● WORK REQUEST: Below are records with pictures; copy word for word only the lines between the line with "Elegant kuffert i" and the line with "近日,有网友在社交网站上晒出", inclusive, and drop the pictures.
------ DATA SUPPLIED ------
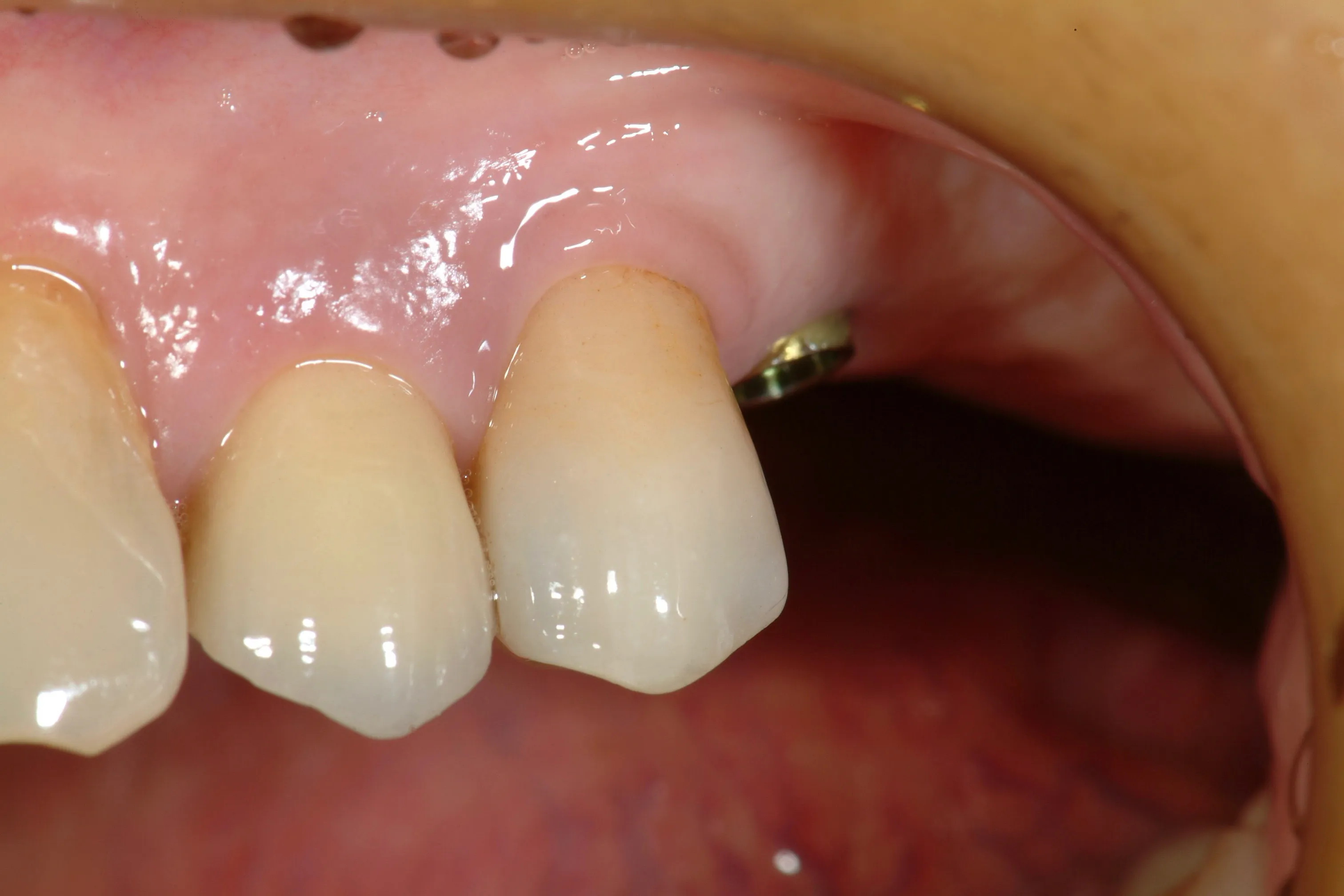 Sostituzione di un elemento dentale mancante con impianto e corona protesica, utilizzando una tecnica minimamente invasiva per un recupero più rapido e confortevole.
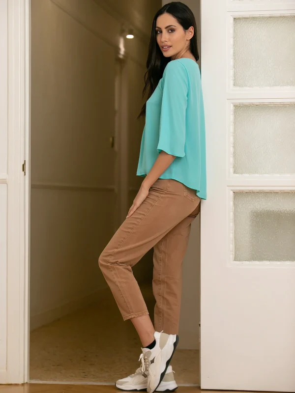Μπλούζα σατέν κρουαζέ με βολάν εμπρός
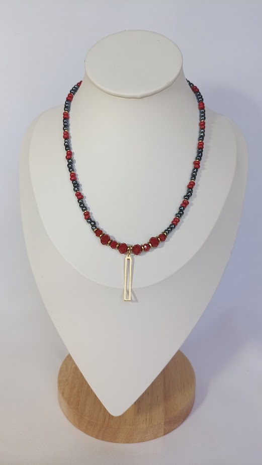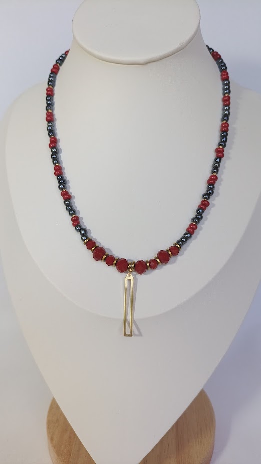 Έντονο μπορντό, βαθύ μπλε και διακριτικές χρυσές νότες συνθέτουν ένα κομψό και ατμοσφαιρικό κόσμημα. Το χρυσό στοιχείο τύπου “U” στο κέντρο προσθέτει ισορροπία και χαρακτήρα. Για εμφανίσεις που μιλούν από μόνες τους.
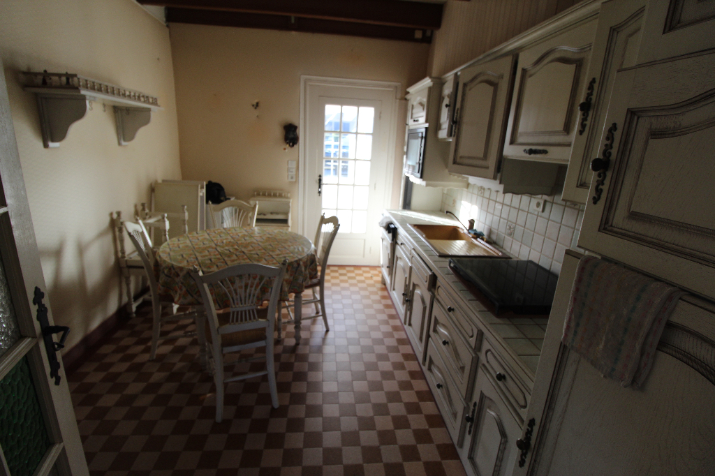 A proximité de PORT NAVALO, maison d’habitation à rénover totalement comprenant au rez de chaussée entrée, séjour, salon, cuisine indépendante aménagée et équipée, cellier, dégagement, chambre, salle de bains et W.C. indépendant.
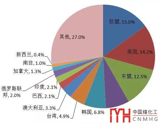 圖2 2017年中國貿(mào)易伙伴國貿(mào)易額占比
------
------ DATA SUPPLIED ------
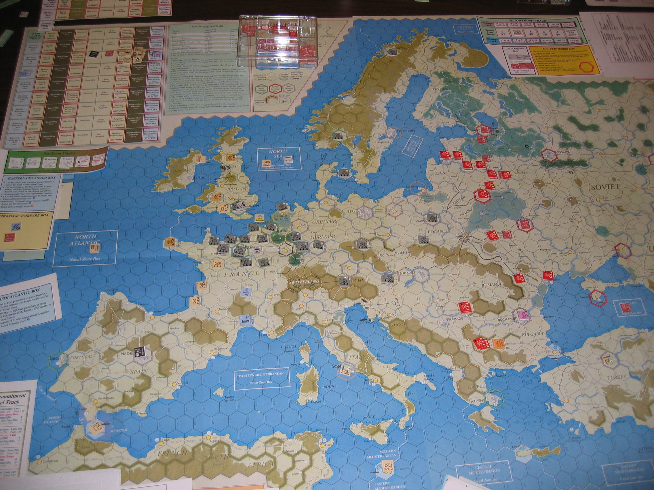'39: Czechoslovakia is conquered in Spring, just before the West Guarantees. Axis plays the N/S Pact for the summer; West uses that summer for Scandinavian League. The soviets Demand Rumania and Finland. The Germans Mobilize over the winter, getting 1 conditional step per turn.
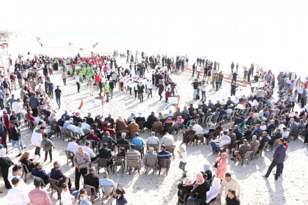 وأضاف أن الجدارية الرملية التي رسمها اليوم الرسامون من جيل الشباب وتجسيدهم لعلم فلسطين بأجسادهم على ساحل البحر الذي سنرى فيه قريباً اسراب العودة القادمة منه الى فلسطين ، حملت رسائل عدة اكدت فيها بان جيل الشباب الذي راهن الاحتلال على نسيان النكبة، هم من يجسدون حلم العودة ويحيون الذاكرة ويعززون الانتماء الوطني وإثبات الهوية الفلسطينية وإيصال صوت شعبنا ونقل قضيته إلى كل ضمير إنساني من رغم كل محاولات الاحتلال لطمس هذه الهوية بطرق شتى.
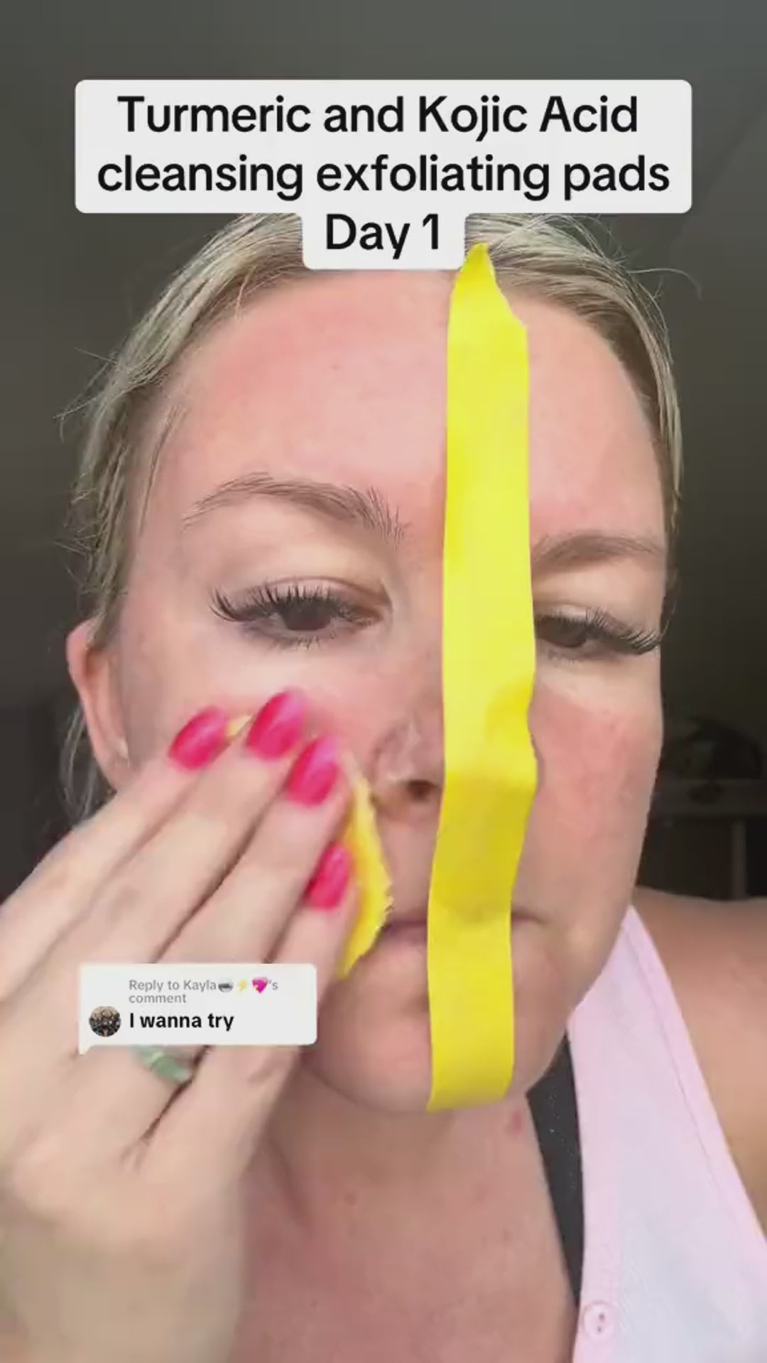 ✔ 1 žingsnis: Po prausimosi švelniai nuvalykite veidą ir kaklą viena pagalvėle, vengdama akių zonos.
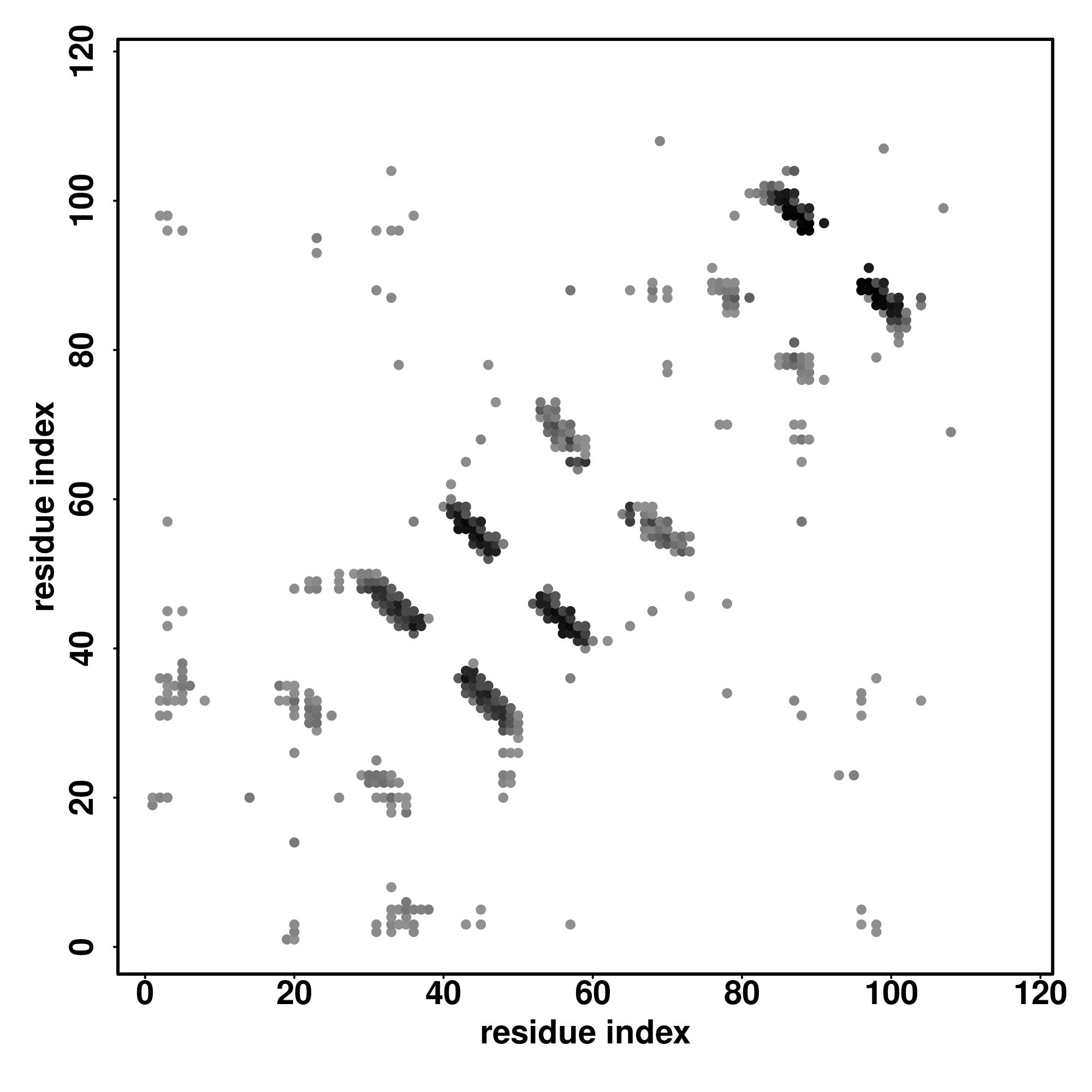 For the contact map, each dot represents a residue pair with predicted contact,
------
------ DATA SUPPLIED ------
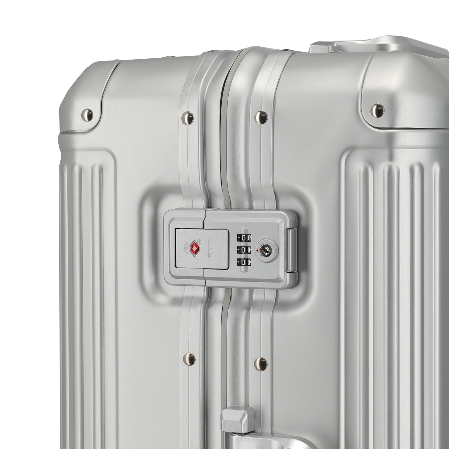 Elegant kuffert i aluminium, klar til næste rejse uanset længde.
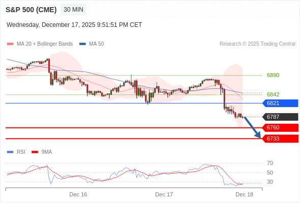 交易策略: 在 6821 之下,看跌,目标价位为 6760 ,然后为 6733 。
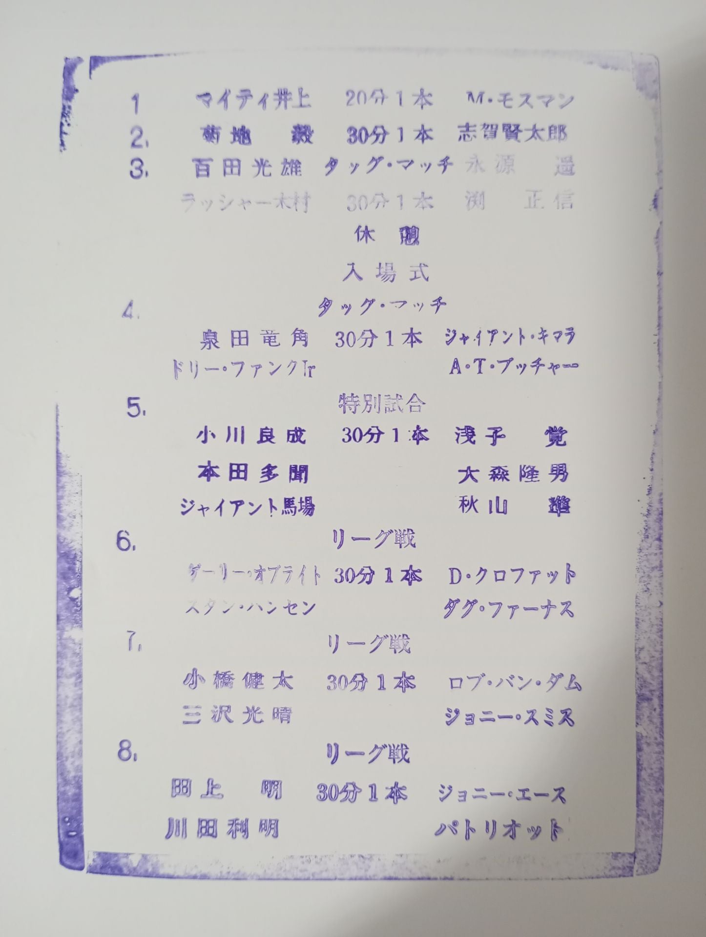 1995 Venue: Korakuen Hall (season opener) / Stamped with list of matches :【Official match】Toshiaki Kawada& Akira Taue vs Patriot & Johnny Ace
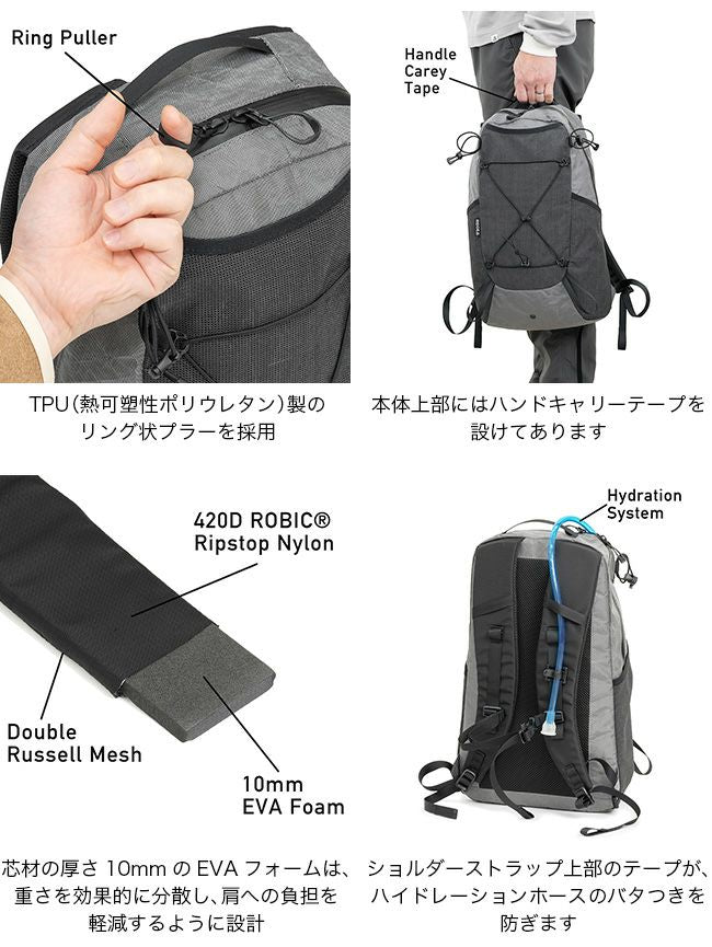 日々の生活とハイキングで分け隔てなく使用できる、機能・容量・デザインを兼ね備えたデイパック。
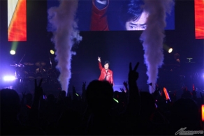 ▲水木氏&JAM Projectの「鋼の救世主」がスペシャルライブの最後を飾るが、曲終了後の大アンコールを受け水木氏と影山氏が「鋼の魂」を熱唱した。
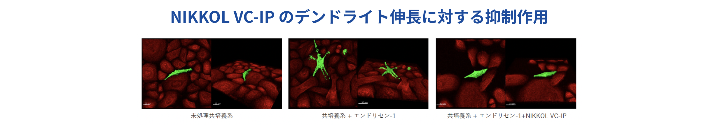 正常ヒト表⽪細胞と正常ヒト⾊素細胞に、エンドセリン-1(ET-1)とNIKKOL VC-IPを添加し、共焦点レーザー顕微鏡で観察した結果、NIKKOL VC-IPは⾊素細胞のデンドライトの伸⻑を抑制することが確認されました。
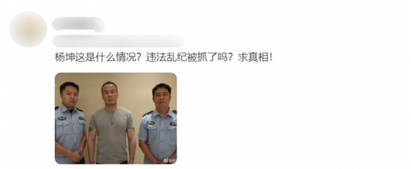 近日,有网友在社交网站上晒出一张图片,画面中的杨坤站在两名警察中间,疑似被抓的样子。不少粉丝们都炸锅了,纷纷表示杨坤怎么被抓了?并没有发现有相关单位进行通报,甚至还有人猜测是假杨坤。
------
● EXERCISE RESPONSE:
 Elegant kuffert i aluminium, klar til næste rejse uanset længde.
 交易策略: 在 6821 之下,看跌,目标价位为 6760 ,然后为 6733 。
 1995 Venue: Korakuen Hall (season opener) / Stamped with list of matches :【Official match】Toshiaki Kawada& Akira Taue vs Patriot & Johnny Ace
 日々の生活とハイキングで分け隔てなく使用できる、機能・容量・デザインを兼ね備えたデイパック。
 ▲水木氏&JAM Projectの「鋼の救世主」がスペシャルライブの最後を飾るが、曲終了後の大アンコールを受け水木氏と影山氏が「鋼の魂」を熱唱した。
 正常ヒト表⽪細胞と正常ヒト⾊素細胞に、エンドセリン-1(ET-1)とNIKKOL VC-IPを添加し、共焦点レーザー顕微鏡で観察した結果、NIKKOL VC-IPは⾊素細胞のデンドライトの伸⻑を抑制することが確認されました。
 近日,有网友在社交网站上晒出一张图片,画面中的杨坤站在两名警察中间,疑似被抓的样子。不少粉丝们都炸锅了,纷纷表示杨坤怎么被抓了?并没有发现有相关单位进行通报,甚至还有人猜测是假杨坤。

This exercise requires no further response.